- _Supplied material_
————

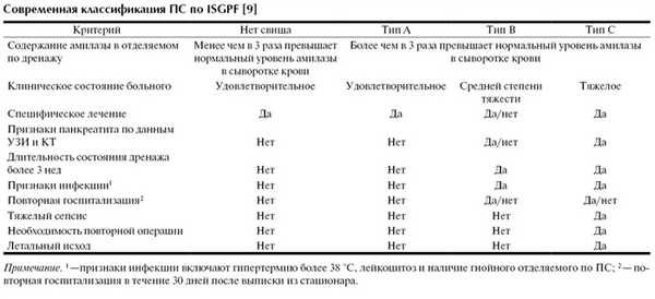 Согласно рекомендациям международной группы по изучению панкреатических свищей (ISGPF, 2005 г.), доказательством ПС считается наличие панкреатогенного отделяемого по дренажу с уровнем амилазы, в 3 раза превышающим ее нормальное содержание в сыворотке крови на 3-и и более поздние сутки послеоперационного периода [9] (уровень доказательности А). Согласно этому определению, ПС делятся на 3 типа (см. таблицу).
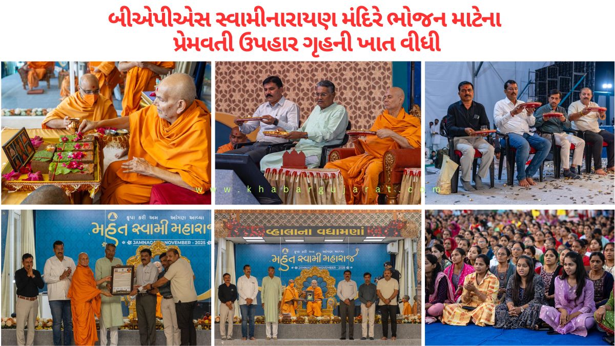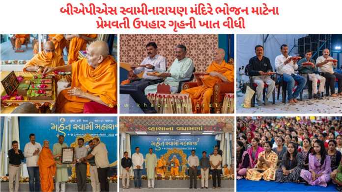 બીએપીએસ સ્વામીનારાયણ મંદિરે ભોજન માટેના પ્રેમવતી ઉપહાર ગૃહની ખાત વીધી – VIDEO
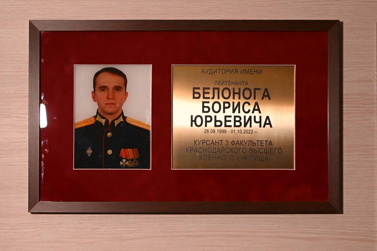 В вузе берегут память о своих Героях. Начальник училища Игорь Валентинович Шпырня принял решение, что имя каждого выпускника, погибшего при выполнении задач на СВО, будет увековечено. Вместе с генерал-майором и митрополитом Василием мы открыли табличку и аудиторию имени лейтенанта Бориса Белонога. Для меня честь лично поблагодарить его родителей – Юрия и Ирину – за воспитание сына.
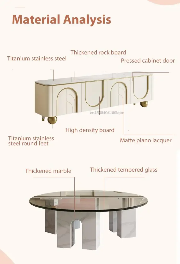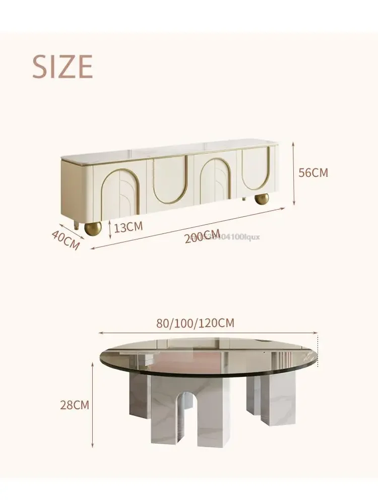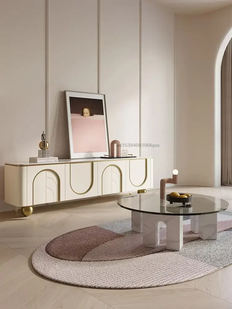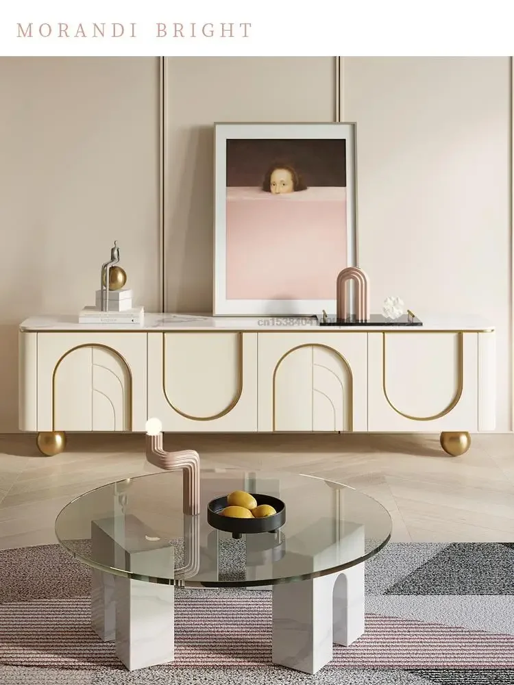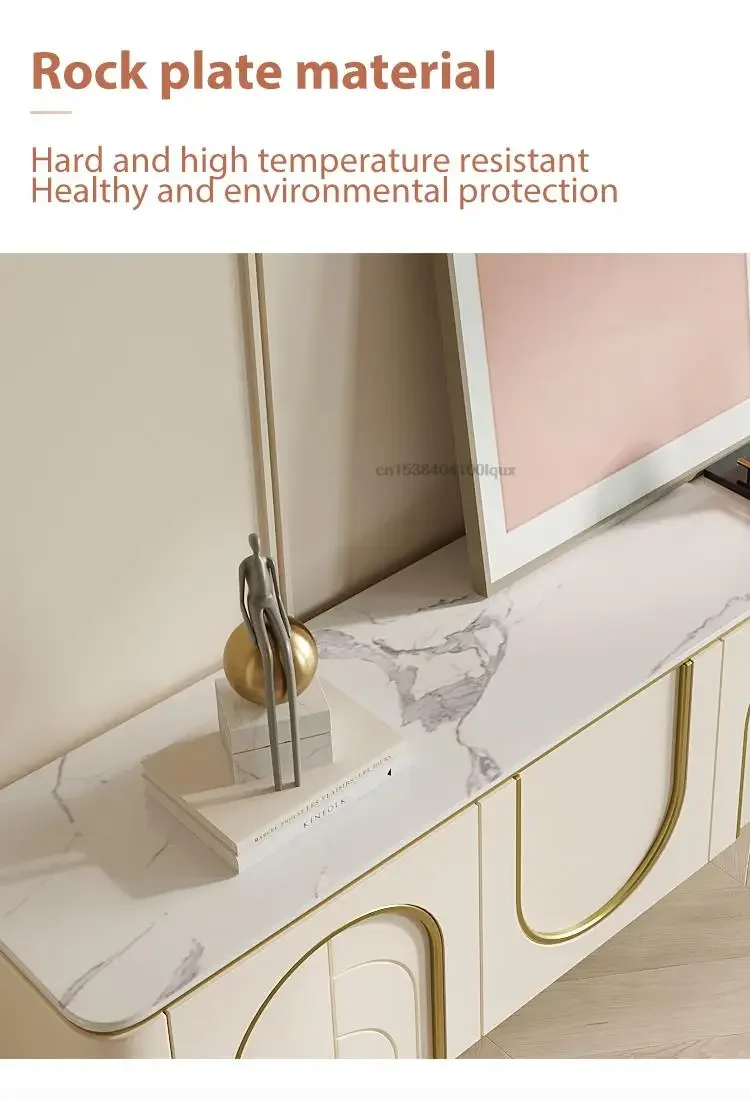 Cream Style TV Cabinets Large Storage Gold Ball Stainless Steel Feet Pressed Doors Concise TV Stand Living Room Furniture

————

- _The task_
Retype all of the data above word for word, excluding the pictures.

- _Completed exercise_
 Согласно рекомендациям международной группы по изучению панкреатических свищей (ISGPF, 2005 г.), доказательством ПС считается наличие панкреатогенного отделяемого по дренажу с уровнем амилазы, в 3 раза превышающим ее нормальное содержание в сыворотке крови на 3-и и более поздние сутки послеоперационного периода [9] (уровень доказательности А). Согласно этому определению, ПС делятся на 3 типа (см. таблицу).
 બીએપીએસ સ્વામીનારાયણ મંદિરે ભોજન માટેના પ્રેમવતી ઉપહાર ગૃહની ખાત વીધી – VIDEO
 В вузе берегут память о своих Героях. Начальник училища Игорь Валентинович Шпырня принял решение, что имя каждого выпускника, погибшего при выполнении задач на СВО, будет увековечено. Вместе с генерал-майором и митрополитом Василием мы открыли табличку и аудиторию имени лейтенанта Бориса Белонога. Для меня честь лично поблагодарить его родителей – Юрия и Ирину – за воспитание сына.
 Cream Style TV Cabinets Large Storage Gold Ball Stainless Steel Feet Pressed Doors Concise TV Stand Living Room Furniture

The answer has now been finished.